## Exercise brief
Copy nothing but the text: reproduce each line of the listing exactly and leave the pictures out.

-- Exercise input follows --

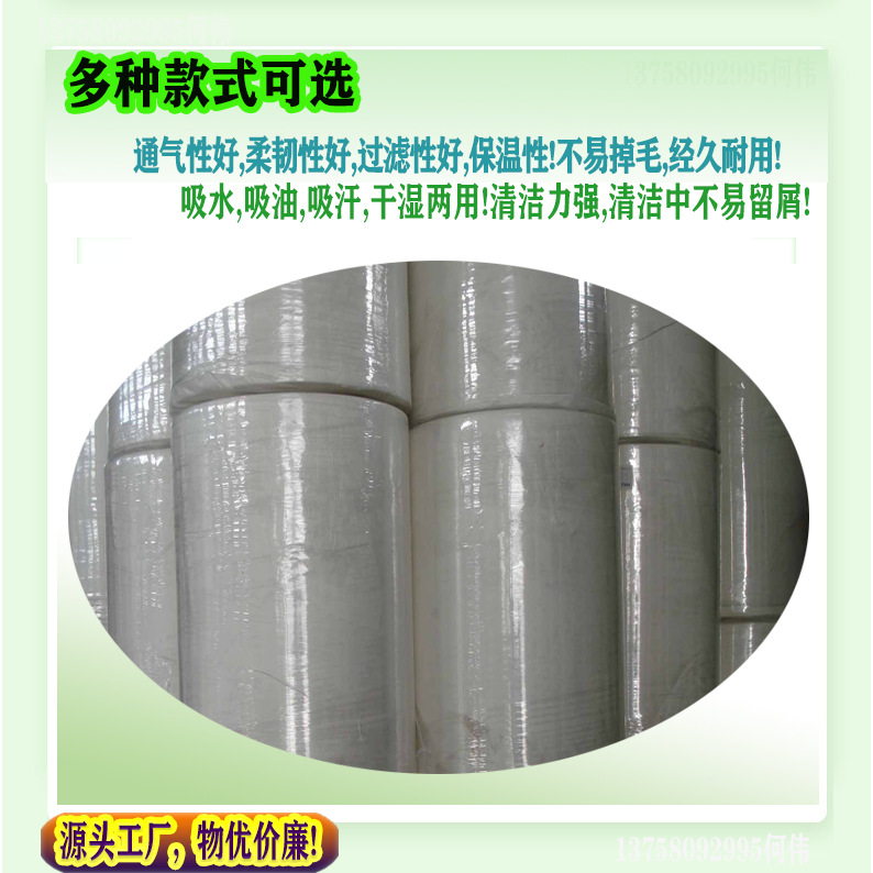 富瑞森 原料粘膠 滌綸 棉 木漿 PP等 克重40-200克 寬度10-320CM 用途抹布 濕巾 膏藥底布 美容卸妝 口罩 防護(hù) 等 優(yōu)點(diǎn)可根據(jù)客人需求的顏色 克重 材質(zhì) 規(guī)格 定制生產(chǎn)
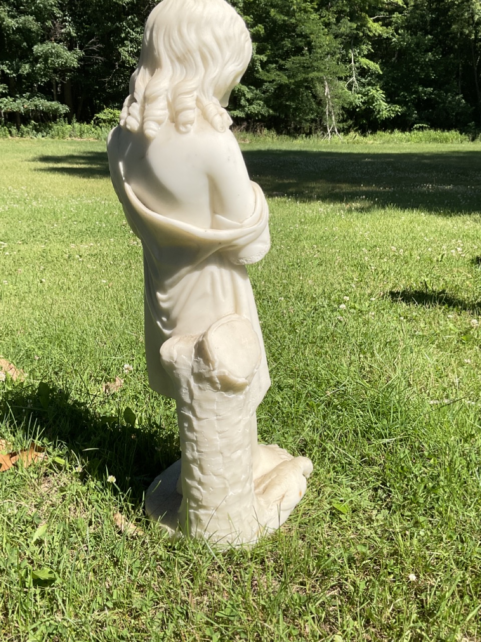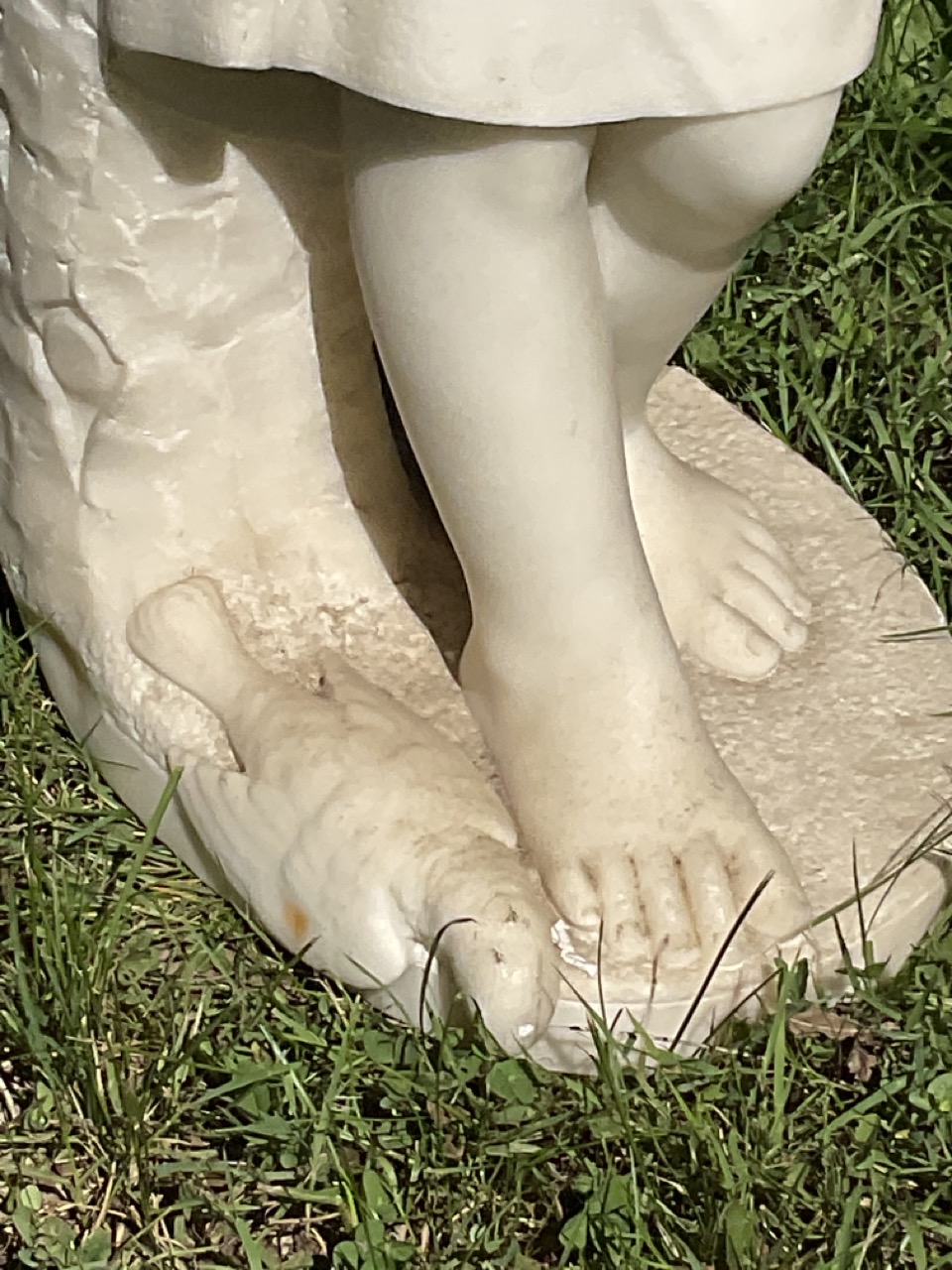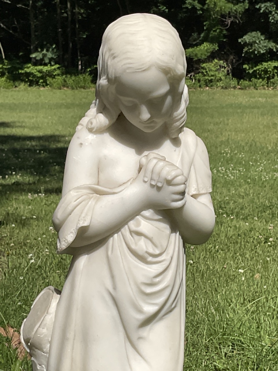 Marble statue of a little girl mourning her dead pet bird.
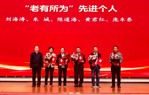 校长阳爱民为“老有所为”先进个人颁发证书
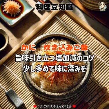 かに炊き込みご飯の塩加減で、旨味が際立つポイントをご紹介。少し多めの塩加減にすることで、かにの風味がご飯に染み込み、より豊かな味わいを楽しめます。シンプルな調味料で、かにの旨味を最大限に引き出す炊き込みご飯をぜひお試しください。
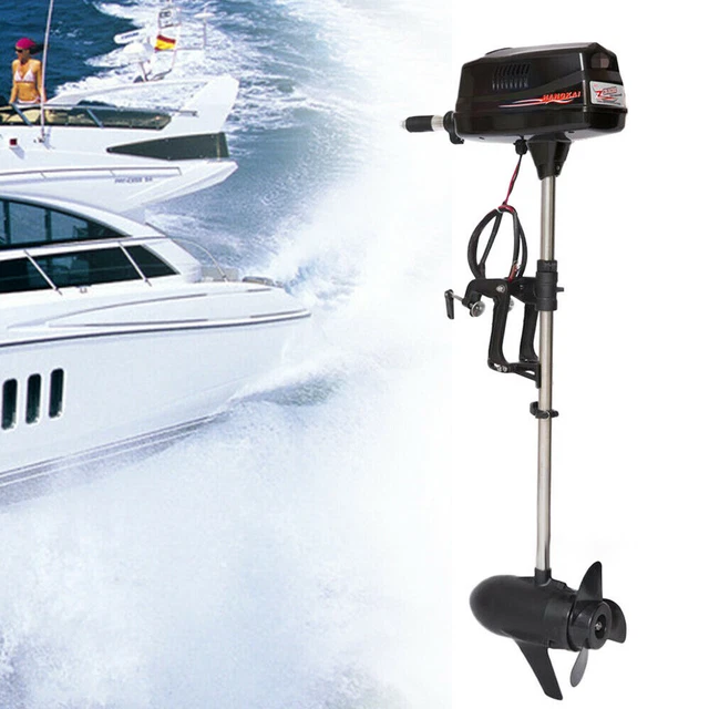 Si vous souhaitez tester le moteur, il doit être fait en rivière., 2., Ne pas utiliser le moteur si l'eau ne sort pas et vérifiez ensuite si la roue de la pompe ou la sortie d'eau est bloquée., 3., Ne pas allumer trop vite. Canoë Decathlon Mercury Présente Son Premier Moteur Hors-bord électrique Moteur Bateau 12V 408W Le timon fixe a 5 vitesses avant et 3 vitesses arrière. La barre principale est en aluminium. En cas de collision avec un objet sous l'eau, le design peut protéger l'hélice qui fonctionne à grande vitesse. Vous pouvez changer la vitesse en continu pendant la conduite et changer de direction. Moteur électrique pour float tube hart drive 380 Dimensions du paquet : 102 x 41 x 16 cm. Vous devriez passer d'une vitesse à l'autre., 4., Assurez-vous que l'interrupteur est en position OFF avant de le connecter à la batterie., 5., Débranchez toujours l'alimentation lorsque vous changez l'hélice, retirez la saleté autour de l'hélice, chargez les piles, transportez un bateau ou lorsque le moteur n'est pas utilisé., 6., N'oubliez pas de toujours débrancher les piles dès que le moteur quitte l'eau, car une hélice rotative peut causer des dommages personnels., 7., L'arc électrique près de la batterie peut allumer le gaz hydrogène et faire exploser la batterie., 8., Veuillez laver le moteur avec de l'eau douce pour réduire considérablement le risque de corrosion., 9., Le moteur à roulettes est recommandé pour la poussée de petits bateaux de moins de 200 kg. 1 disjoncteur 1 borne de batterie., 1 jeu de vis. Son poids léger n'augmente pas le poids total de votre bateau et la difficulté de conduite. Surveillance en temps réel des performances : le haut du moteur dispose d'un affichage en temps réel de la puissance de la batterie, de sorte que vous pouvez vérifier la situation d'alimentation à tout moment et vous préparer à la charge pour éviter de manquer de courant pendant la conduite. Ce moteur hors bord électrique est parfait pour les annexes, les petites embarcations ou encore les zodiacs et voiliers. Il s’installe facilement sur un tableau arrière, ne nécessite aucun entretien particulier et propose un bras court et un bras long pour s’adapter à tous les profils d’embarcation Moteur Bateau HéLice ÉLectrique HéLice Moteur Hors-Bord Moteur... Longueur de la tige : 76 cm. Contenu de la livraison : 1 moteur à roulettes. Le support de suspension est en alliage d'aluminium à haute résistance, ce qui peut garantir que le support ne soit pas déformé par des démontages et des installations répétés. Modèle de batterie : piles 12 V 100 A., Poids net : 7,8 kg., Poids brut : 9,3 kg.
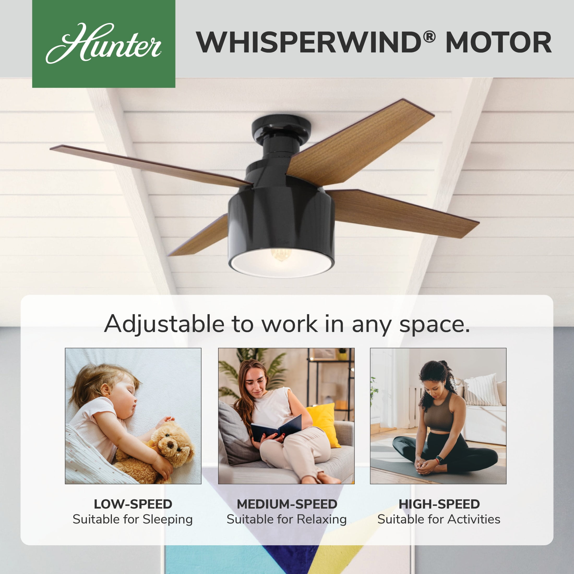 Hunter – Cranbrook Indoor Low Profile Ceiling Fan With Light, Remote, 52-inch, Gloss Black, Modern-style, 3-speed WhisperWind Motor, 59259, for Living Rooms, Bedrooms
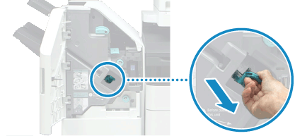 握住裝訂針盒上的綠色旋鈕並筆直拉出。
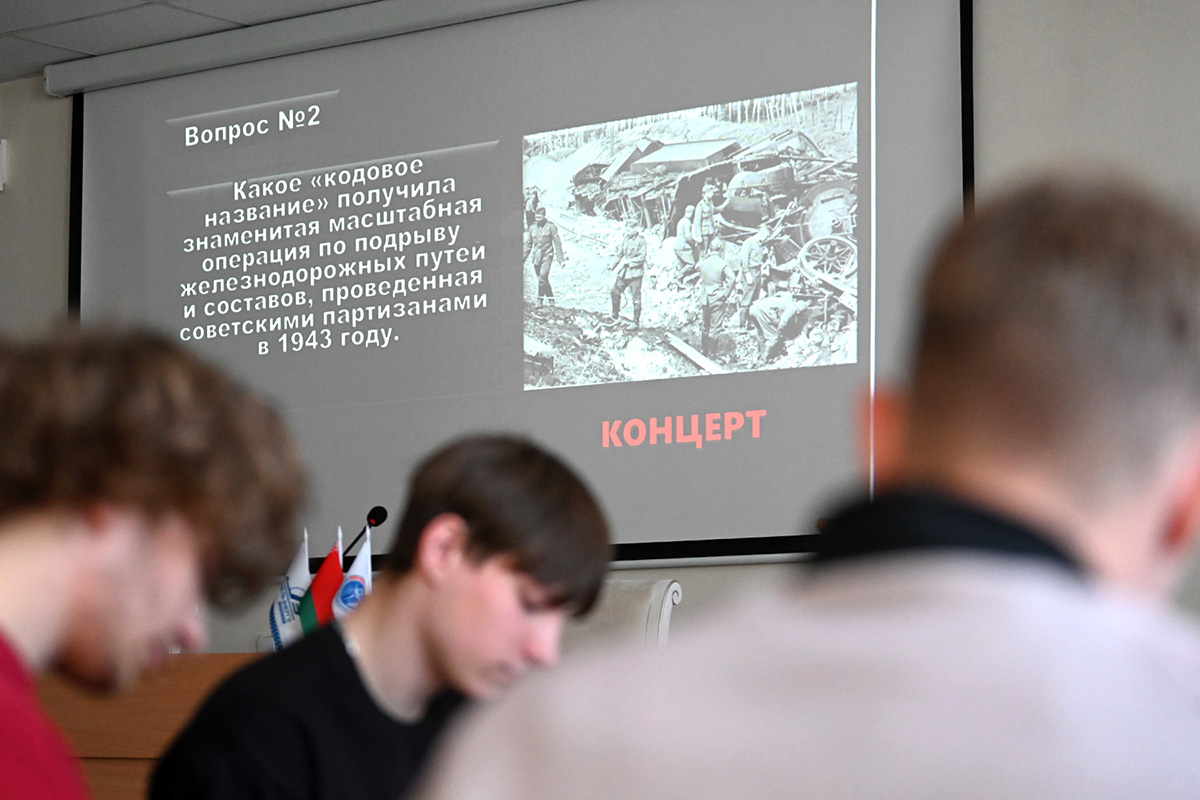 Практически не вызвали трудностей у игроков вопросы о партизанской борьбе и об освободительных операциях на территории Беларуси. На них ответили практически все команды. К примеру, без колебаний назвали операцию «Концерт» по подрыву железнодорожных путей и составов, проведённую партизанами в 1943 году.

-- Exercise input concluded --

## Task answer
 富瑞森 原料粘膠 滌綸 棉 木漿 PP等 克重40-200克 寬度10-320CM 用途抹布 濕巾 膏藥底布 美容卸妝 口罩 防護(hù) 等 優(yōu)點(diǎn)可根據(jù)客人需求的顏色 克重 材質(zhì) 規(guī)格 定制生產(chǎn)
 Marble statue of a little girl mourning her dead pet bird.
 校长阳爱民为“老有所为”先进个人颁发证书
 かに炊き込みご飯の塩加減で、旨味が際立つポイントをご紹介。少し多めの塩加減にすることで、かにの風味がご飯に染み込み、より豊かな味わいを楽しめます。シンプルな調味料で、かにの旨味を最大限に引き出す炊き込みご飯をぜひお試しください。
 Si vous souhaitez tester le moteur, il doit être fait en rivière., 2., Ne pas utiliser le moteur si l'eau ne sort pas et vérifiez ensuite si la roue de la pompe ou la sortie d'eau est bloquée., 3., Ne pas allumer trop vite. Canoë Decathlon Mercury Présente Son Premier Moteur Hors-bord électrique Moteur Bateau 12V 408W Le timon fixe a 5 vitesses avant et 3 vitesses arrière. La barre principale est en aluminium. En cas de collision avec un objet sous l'eau, le design peut protéger l'hélice qui fonctionne à grande vitesse. Vous pouvez changer la vitesse en continu pendant la conduite et changer de direction. Moteur électrique pour float tube hart drive 380 Dimensions du paquet : 102 x 41 x 16 cm. Vous devriez passer d'une vitesse à l'autre., 4., Assurez-vous que l'interrupteur est en position OFF avant de le connecter à la batterie., 5., Débranchez toujours l'alimentation lorsque vous changez l'hélice, retirez la saleté autour de l'hélice, chargez les piles, transportez un bateau ou lorsque le moteur n'est pas utilisé., 6., N'oubliez pas de toujours débrancher les piles dès que le moteur quitte l'eau, car une hélice rotative peut causer des dommages personnels., 7., L'arc électrique près de la batterie peut allumer le gaz hydrogène et faire exploser la batterie., 8., Veuillez laver le moteur avec de l'eau douce pour réduire considérablement le risque de corrosion., 9., Le moteur à roulettes est recommandé pour la poussée de petits bateaux de moins de 200 kg. 1 disjoncteur 1 borne de batterie., 1 jeu de vis. Son poids léger n'augmente pas le poids total de votre bateau et la difficulté de conduite. Surveillance en temps réel des performances : le haut du moteur dispose d'un affichage en temps réel de la puissance de la batterie, de sorte que vous pouvez vérifier la situation d'alimentation à tout moment et vous préparer à la charge pour éviter de manquer de courant pendant la conduite. Ce moteur hors bord électrique est parfait pour les annexes, les petites embarcations ou encore les zodiacs et voiliers. Il s’installe facilement sur un tableau arrière, ne nécessite aucun entretien particulier et propose un bras court et un bras long pour s’adapter à tous les profils d’embarcation Moteur Bateau HéLice ÉLectrique HéLice Moteur Hors-Bord Moteur... Longueur de la tige : 76 cm. Contenu de la livraison : 1 moteur à roulettes. Le support de suspension est en alliage d'aluminium à haute résistance, ce qui peut garantir que le support ne soit pas déformé par des démontages et des installations répétés. Modèle de batterie : piles 12 V 100 A., Poids net : 7,8 kg., Poids brut : 9,3 kg.
 Hunter – Cranbrook Indoor Low Profile Ceiling Fan With Light, Remote, 52-inch, Gloss Black, Modern-style, 3-speed WhisperWind Motor, 59259, for Living Rooms, Bedrooms
 握住裝訂針盒上的綠色旋鈕並筆直拉出。
 Практически не вызвали трудностей у игроков вопросы о партизанской борьбе и об освободительных операциях на территории Беларуси. На них ответили практически все команды. К примеру, без колебаний назвали операцию «Концерт» по подрыву железнодорожных путей и составов, проведённую партизанами в 1943 году.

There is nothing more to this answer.